Woodford began his career writing and editing children's science books, and wrote three best-selling titles in the Cool Stuff
technology series for Dorling Kindersley. The third volume, Cool Stuff Exploded, won the National Science Teachers Association/CBC Outstanding
Science Books Award for 2009 and was described by New Scientist as "a stunning reminder of the ingenuity behind innovations we all too often take for granted".

Woodford's other titles include Science: A Children's Encyclopedia with Steve Parker, published in 2014, and a volume about the
social impacts of the Internet, published by ABC-Clio in 2005.

Apart from writing his own books, he has acted as a science consultant for other authors, including
British TV scientists Richard Hammond, Robert Winston, and Johnny Ball, and the British-born American
illustrator David Macaulay.

Woodford's 2021 book Breathless, about the global problem of air pollution, was picked as a book of the month by The Independent in March 2021 and its introduction featured as an illustrated centre-page spread article in The i newspaper the same month.

== Activism ==

Woodford describes himself as a "lifelong environmentalist" and, as an activist, has worked on a range of green issues. In the mid-1990s,
he was a member of the campaign against the Newbury bypass, which the BBC described as "a fight between eco-warriors and police that caught the attention of a nation" and "a turning point in British protesting history".

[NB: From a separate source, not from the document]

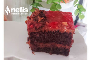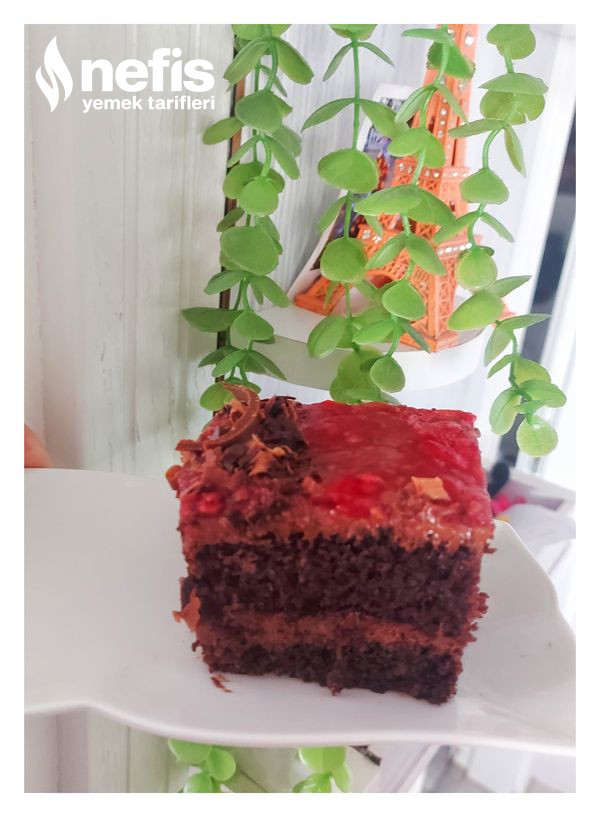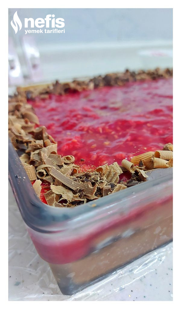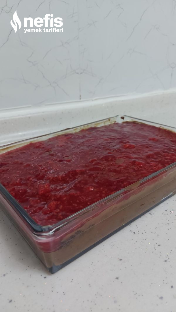 - Pasta katlarını birleştirmek için; kekin alt katını koy, üzerine çikolatalı kremayı sür. Üst katı yerleştir, tekrar krema sür. Üzerine frambuazlı sosu dök. Kenarlarını çikolata kırıklarıyla kapla (hafifçe bastırarak).

During the campaign, Woodford documented evidence, which, he argued, showed English Nature (the statutory wildlife "watchdog") had deliberately sacrificed numerous protected habitats and species along the route of the road, including a colony of rare Desmoulin's whorl snails, which were "strictly protected" under European law. According to a later investigation by the Worldwide Fund for Nature (WWF): "Woodford sums up English Nature's involvement in Newbury as 'a catalogue of repeated failure to present a balanced view of the environmental impacts of the road... (these)... have played an important part in insuring the construction of one of the most environmentally destructive road proposals in the country.'" English Nature countered that it was "not a campaigning organization" but, in June 1996, in one of the final attempts to halt the road, the issue became the subject of a High Court legal challenge, led by Friends of the Earth. Although unsuccessful, this case turned the "Newbury snail" into a cause célèbre. The Judge, Mr Justice Sedley, described his own legal verdict as "regretful... for one can appreciate the force of the view that if the protection of the natural environment keeps coming second we shall end by destroying our own habitat." Some years later, Woodford ruefully told John Vidal in a Guardian interview how stopping the Newbury bypass had become a blinkered obsession for everyone involved but, more positively, also "a personal turning point, a huge thing where we felt we had really achieved something".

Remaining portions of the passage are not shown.